There is no Parliamentary law exempting vehicles owned by Central Government and operating in any State, from the operation of the laws of such States. So much so, in our view, the claim of exemption from motor vehicle tax made by Central Government Department is thoroughly misconceived. For the foregoing reasons we approve the finding of the learned Single Judge that Article 285(1) of the Constitution does not bar the State from levying tax on motor vehicles owned by the Central Government and operated in the State under Section 3 of the Act.
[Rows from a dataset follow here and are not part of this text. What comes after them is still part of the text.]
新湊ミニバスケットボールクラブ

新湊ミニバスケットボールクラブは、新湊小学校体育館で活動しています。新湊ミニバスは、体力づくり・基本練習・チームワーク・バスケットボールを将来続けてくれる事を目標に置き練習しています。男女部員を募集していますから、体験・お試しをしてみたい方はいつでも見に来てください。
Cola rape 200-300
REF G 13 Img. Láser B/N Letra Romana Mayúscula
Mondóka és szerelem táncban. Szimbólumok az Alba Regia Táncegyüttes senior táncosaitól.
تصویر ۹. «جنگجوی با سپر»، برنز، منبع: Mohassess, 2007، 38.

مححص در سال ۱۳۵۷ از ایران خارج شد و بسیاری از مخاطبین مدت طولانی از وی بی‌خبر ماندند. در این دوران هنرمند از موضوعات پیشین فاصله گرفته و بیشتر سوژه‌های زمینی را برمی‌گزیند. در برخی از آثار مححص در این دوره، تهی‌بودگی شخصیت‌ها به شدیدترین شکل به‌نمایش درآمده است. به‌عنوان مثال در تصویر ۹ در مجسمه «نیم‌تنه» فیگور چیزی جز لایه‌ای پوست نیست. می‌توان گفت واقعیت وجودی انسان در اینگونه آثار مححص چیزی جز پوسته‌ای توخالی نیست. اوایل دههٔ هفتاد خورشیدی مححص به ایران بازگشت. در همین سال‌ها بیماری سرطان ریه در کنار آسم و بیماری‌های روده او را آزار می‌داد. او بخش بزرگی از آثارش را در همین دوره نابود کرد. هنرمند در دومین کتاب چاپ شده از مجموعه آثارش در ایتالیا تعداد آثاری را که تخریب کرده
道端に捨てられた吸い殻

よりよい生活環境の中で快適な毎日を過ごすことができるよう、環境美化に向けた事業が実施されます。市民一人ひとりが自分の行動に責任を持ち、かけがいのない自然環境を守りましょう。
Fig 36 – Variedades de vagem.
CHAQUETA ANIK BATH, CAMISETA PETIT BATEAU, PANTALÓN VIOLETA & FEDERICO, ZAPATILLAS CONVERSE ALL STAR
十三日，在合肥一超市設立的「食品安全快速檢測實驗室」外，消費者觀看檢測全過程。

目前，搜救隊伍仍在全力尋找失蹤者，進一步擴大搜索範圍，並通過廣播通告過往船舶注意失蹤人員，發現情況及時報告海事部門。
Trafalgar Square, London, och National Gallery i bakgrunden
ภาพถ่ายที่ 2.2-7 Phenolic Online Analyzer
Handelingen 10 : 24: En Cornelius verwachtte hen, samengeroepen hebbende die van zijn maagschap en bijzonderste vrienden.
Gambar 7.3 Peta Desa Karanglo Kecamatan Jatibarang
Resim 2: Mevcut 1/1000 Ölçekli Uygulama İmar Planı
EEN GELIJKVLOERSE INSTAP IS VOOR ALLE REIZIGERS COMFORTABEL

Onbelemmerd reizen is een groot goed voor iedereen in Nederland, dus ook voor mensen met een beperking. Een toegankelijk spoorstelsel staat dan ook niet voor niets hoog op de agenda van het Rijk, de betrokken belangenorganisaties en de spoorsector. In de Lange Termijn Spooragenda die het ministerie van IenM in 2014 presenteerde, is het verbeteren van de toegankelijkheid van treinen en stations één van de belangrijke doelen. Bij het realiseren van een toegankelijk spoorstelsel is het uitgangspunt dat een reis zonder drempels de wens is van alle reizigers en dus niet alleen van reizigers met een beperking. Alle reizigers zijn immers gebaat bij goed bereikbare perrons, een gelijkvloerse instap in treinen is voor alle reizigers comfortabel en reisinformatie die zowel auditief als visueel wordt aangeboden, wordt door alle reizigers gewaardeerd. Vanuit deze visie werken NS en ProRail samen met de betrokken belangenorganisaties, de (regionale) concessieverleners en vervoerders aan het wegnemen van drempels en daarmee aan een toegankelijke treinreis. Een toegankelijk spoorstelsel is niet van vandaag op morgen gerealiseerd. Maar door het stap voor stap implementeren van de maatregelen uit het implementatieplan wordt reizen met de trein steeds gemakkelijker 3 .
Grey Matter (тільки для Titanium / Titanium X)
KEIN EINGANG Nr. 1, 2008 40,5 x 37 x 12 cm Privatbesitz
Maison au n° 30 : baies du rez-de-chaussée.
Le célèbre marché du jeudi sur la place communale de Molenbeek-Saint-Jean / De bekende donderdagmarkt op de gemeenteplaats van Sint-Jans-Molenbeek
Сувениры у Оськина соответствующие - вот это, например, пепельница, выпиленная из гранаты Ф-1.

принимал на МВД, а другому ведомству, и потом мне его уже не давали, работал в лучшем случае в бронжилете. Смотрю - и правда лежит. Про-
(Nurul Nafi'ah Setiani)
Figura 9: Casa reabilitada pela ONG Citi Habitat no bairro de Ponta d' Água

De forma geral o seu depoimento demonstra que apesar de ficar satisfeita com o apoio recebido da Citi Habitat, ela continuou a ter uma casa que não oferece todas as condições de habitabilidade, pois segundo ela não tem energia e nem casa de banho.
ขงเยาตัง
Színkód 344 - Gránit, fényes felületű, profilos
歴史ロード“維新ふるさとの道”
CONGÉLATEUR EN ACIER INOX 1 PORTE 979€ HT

However, it is a matter of policy for the State Government to consider whether exemption from motor vehicle tax could be granted to Central Government's vehicles or vehicles belonging to any particular department of the Central Government. Any such exemption can be considered and granted by the State Government under Section 22 of the Act and in our view, the learned Single Judge rightly suggested the appellants to approach the State Government for exemption. Consequently Writ Appeals are dismissed confirming the judgment of the learned Single Judge. Since the question raised in the writ petition is also the same, W.P.(C) is also dismissed.